[Data supplied]

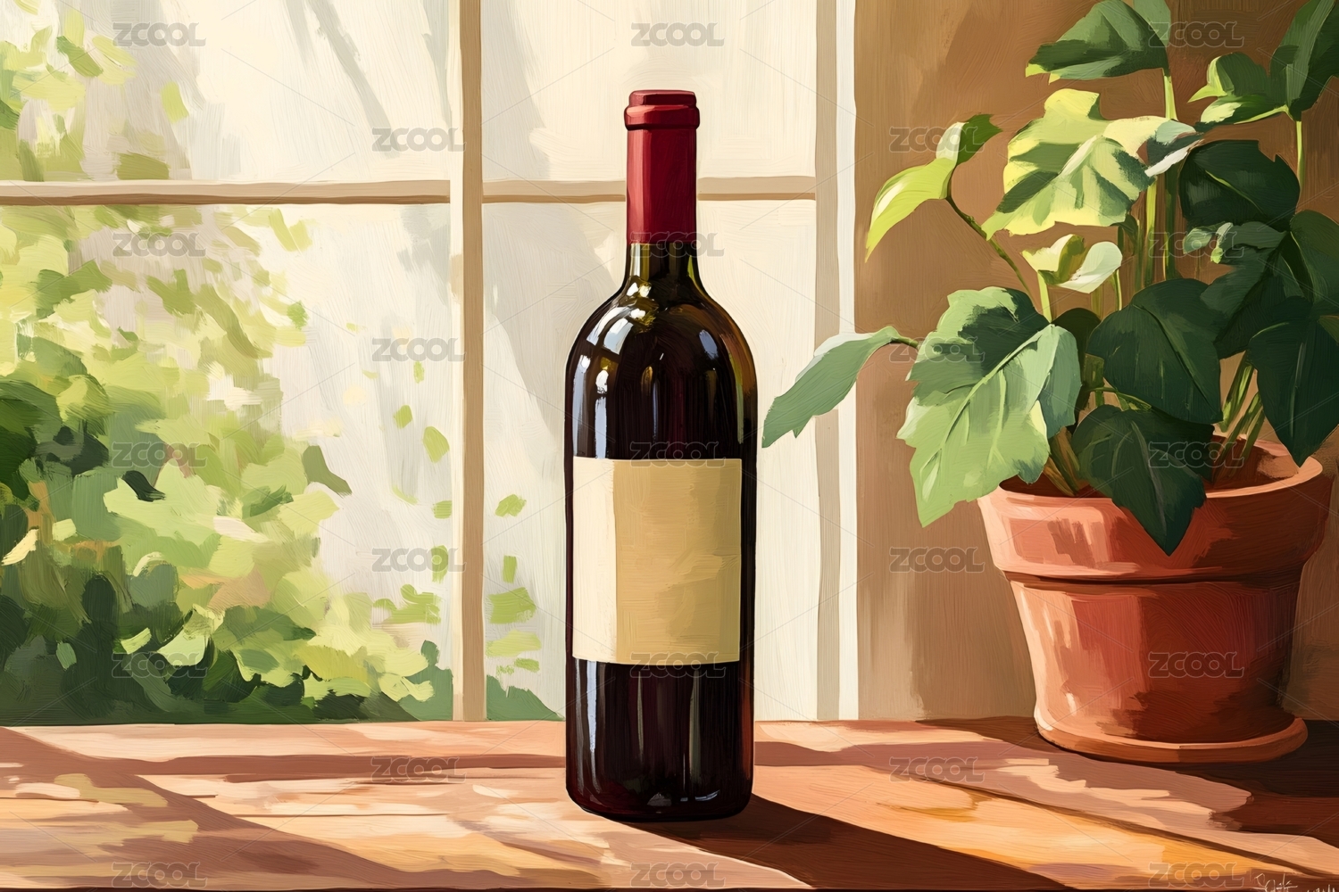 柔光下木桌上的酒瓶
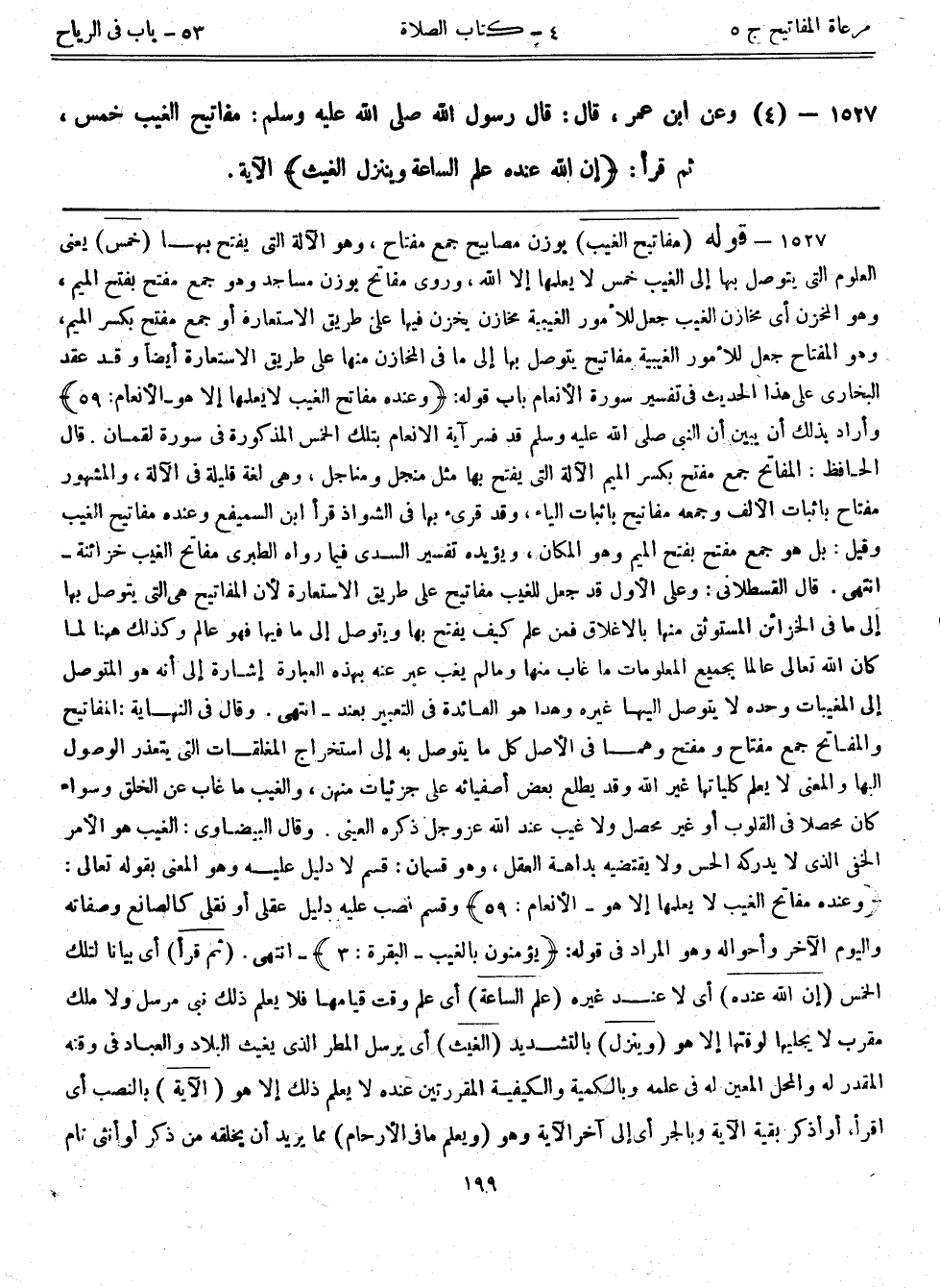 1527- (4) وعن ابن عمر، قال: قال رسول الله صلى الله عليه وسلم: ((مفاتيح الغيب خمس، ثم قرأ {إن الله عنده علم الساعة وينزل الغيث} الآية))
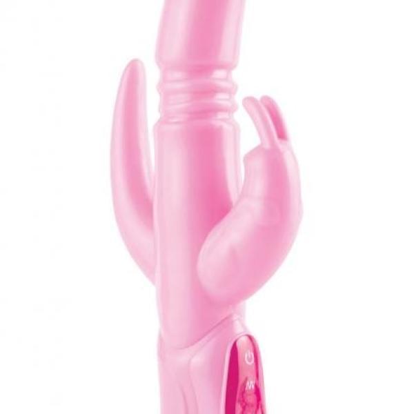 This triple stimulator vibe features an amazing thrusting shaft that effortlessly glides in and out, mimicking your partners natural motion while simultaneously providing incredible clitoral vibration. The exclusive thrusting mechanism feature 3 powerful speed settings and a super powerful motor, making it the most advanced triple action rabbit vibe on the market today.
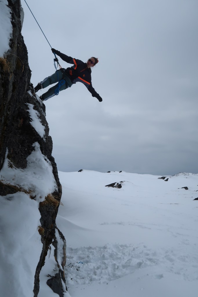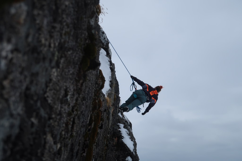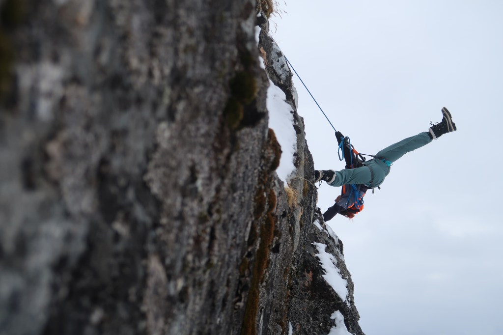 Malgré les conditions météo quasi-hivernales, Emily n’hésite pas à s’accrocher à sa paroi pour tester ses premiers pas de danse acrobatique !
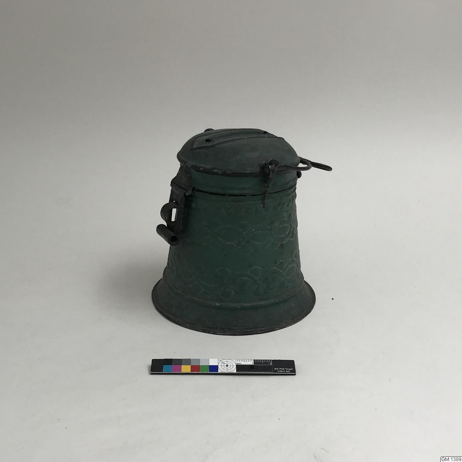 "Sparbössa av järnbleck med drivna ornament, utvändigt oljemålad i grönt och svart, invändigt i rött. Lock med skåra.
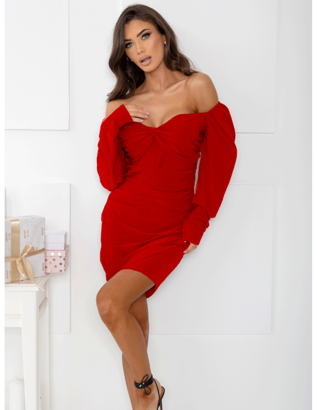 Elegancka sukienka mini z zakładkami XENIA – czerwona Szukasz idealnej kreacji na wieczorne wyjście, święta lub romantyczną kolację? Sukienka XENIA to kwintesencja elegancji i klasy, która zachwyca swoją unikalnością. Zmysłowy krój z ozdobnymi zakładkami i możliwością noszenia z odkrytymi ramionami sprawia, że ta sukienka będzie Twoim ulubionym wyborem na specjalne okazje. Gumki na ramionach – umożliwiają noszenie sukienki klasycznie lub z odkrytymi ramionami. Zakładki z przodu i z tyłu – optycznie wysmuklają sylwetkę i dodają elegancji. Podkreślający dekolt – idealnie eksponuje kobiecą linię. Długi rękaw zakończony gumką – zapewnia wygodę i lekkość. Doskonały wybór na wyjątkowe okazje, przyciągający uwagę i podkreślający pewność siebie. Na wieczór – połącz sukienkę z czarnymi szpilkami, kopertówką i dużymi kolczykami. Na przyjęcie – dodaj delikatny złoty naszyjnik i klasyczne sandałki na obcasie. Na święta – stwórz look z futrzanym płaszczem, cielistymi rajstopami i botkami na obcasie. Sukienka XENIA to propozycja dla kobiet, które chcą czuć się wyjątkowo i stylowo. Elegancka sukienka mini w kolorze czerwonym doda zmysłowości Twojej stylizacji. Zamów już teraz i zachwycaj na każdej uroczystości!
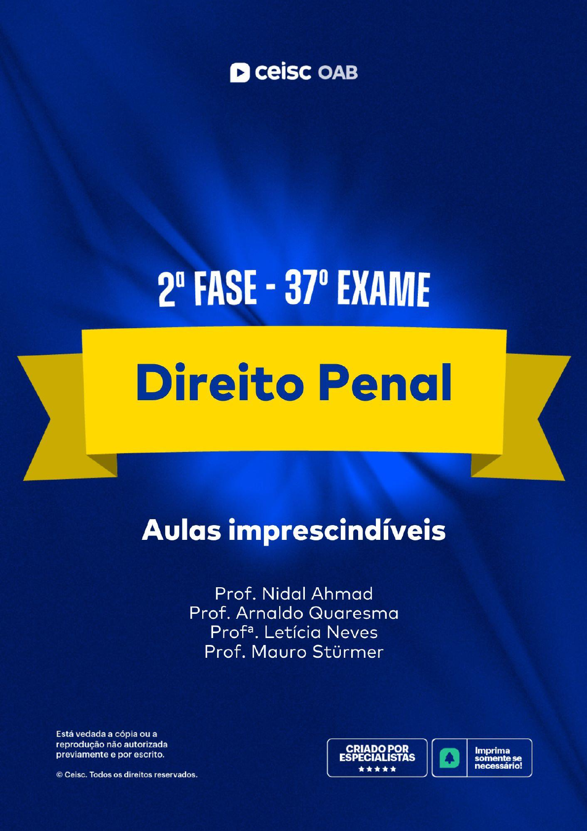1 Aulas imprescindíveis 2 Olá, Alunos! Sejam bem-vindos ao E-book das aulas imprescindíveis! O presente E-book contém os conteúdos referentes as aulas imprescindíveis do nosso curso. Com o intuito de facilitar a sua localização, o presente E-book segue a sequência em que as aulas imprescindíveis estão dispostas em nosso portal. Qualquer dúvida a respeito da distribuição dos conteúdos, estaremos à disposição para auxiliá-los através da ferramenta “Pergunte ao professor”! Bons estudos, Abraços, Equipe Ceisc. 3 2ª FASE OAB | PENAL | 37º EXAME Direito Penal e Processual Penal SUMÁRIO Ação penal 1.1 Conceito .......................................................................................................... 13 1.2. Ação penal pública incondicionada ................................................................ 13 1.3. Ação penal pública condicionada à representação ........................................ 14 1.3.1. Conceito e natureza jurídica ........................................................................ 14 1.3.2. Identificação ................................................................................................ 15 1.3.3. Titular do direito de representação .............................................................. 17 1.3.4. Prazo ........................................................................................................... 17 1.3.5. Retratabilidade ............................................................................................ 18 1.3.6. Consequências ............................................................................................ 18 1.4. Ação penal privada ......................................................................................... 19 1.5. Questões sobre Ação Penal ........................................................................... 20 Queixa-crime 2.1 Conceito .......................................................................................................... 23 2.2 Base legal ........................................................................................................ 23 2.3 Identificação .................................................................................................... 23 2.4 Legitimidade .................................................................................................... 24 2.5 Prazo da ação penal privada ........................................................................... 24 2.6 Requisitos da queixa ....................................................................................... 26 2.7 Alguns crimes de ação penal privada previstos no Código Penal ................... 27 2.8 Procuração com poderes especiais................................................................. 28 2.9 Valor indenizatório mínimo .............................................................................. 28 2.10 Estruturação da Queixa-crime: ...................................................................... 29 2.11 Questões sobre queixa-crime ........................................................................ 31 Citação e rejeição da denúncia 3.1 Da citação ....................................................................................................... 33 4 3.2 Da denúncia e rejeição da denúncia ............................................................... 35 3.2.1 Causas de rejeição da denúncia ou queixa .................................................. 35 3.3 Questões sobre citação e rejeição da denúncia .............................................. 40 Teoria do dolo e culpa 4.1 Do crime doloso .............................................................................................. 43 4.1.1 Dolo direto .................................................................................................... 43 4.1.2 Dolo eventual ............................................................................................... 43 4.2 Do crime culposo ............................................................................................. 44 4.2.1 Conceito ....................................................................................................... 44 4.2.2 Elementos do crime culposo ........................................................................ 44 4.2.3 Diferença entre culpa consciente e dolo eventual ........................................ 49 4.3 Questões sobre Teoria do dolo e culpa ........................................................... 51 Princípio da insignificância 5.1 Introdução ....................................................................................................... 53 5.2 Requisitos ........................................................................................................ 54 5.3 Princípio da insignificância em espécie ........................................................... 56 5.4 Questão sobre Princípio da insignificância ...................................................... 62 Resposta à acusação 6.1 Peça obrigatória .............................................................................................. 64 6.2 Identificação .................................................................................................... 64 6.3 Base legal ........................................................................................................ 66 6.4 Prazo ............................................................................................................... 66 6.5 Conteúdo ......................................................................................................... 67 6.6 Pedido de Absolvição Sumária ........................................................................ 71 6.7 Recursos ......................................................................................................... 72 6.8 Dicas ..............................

[Exercise instructions] Omit the pictures, then output every record exactly as given.

[Problem solution]
 柔光下木桌上的酒瓶
 1527- (4) وعن ابن عمر، قال: قال رسول الله صلى الله عليه وسلم: ((مفاتيح الغيب خمس، ثم قرأ {إن الله عنده علم الساعة وينزل الغيث} الآية))
 This triple stimulator vibe features an amazing thrusting shaft that effortlessly glides in and out, mimicking your partners natural motion while simultaneously providing incredible clitoral vibration. The exclusive thrusting mechanism feature 3 powerful speed settings and a super powerful motor, making it the most advanced triple action rabbit vibe on the market today.
 Malgré les conditions météo quasi-hivernales, Emily n’hésite pas à s’accrocher à sa paroi pour tester ses premiers pas de danse acrobatique !
 "Sparbössa av järnbleck med drivna ornament, utvändigt oljemålad i grönt och svart, invändigt i rött. Lock med skåra.
 Elegancka sukienka mini z zakładkami XENIA – czerwona Szukasz idealnej kreacji na wieczorne wyjście, święta lub romantyczną kolację? Sukienka XENIA to kwintesencja elegancji i klasy, która zachwyca swoją unikalnością. Zmysłowy krój z ozdobnymi zakładkami i możliwością noszenia z odkrytymi ramionami sprawia, że ta sukienka będzie Twoim ulubionym wyborem na specjalne okazje. Gumki na ramionach – umożliwiają noszenie sukienki klasycznie lub z odkrytymi ramionami. Zakładki z przodu i z tyłu – optycznie wysmuklają sylwetkę i dodają elegancji. Podkreślający dekolt – idealnie eksponuje kobiecą linię. Długi rękaw zakończony gumką – zapewnia wygodę i lekkość. Doskonały wybór na wyjątkowe okazje, przyciągający uwagę i podkreślający pewność siebie. Na wieczór – połącz sukienkę z czarnymi szpilkami, kopertówką i dużymi kolczykami. Na przyjęcie – dodaj delikatny złoty naszyjnik i klasyczne sandałki na obcasie. Na święta – stwórz look z futrzanym płaszczem, cielistymi rajstopami i botkami na obcasie. Sukienka XENIA to propozycja dla kobiet, które chcą czuć się wyjątkowo i stylowo. Elegancka sukienka mini w kolorze czerwonym doda zmysłowości Twojej stylizacji. Zamów już teraz i zachwycaj na każdej uroczystości!
1 Aulas imprescindíveis 2 Olá, Alunos! Sejam bem-vindos ao E-book das aulas imprescindíveis! O presente E-book contém os conteúdos referentes as aulas imprescindíveis do nosso curso. Com o intuito de facilitar a sua localização, o presente E-book segue a sequência em que as aulas imprescindíveis estão dispostas em nosso portal. Qualquer dúvida a respeito da distribuição dos conteúdos, estaremos à disposição para auxiliá-los através da ferramenta “Pergunte ao professor”! Bons estudos, Abraços, Equipe Ceisc. 3 2ª FASE OAB | PENAL | 37º EXAME Direito Penal e Processual Penal SUMÁRIO Ação penal 1.1 Conceito .......................................................................................................... 13 1.2. Ação penal pública incondicionada ................................................................ 13 1.3. Ação penal pública condicionada à representação ........................................ 14 1.3.1. Conceito e natureza jurídica ........................................................................ 14 1.3.2. Identificação ................................................................................................ 15 1.3.3. Titular do direito de representação .............................................................. 17 1.3.4. Prazo ........................................................................................................... 17 1.3.5. Retratabilidade ............................................................................................ 18 1.3.6. Consequências ............................................................................................ 18 1.4. Ação penal privada ......................................................................................... 19 1.5. Questões sobre Ação Penal ........................................................................... 20 Queixa-crime 2.1 Conceito .......................................................................................................... 23 2.2 Base legal ........................................................................................................ 23 2.3 Identificação .................................................................................................... 23 2.4 Legitimidade .................................................................................................... 24 2.5 Prazo da ação penal privada ........................................................................... 24 2.6 Requisitos da queixa ....................................................................................... 26 2.7 Alguns crimes de ação penal privada previstos no Código Penal ................... 27 2.8 Procuração com poderes especiais................................................................. 28 2.9 Valor indenizatório mínimo .............................................................................. 28 2.10 Estruturação da Queixa-crime: ...................................................................... 29 2.11 Questões sobre queixa-crime ........................................................................ 31 Citação e rejeição da denúncia 3.1 Da citação ....................................................................................................... 33 4 3.2 Da denúncia e rejeição da denúncia ............................................................... 35 3.2.1 Causas de rejeição da denúncia ou queixa .................................................. 35 3.3 Questões sobre citação e rejeição da denúncia .............................................. 40 Teoria do dolo e culpa 4.1 Do crime doloso .............................................................................................. 43 4.1.1 Dolo direto .................................................................................................... 43 4.1.2 Dolo eventual ............................................................................................... 43 4.2 Do crime culposo ............................................................................................. 44 4.2.1 Conceito ....................................................................................................... 44 4.2.2 Elementos do crime culposo ........................................................................ 44 4.2.3 Diferença entre culpa consciente e dolo eventual ........................................ 49 4.3 Questões sobre Teoria do dolo e culpa ........................................................... 51 Princípio da insignificância 5.1 Introdução ....................................................................................................... 53 5.2 Requisitos ........................................................................................................ 54 5.3 Princípio da insignificância em espécie ........................................................... 56 5.4 Questão sobre Princípio da insignificância ...................................................... 62 Resposta à acusação 6.1 Peça obrigatória .............................................................................................. 64 6.2 Identificação .................................................................................................... 64 6.3 Base legal ........................................................................................................ 66 6.4 Prazo ............................................................................................................... 66 6.5 Conteúdo ......................................................................................................... 67 6.6 Pedido de Absolvição Sumária ........................................................................ 71 6.7 Recursos ......................................................................................................... 72 6.8 Dicas ..............................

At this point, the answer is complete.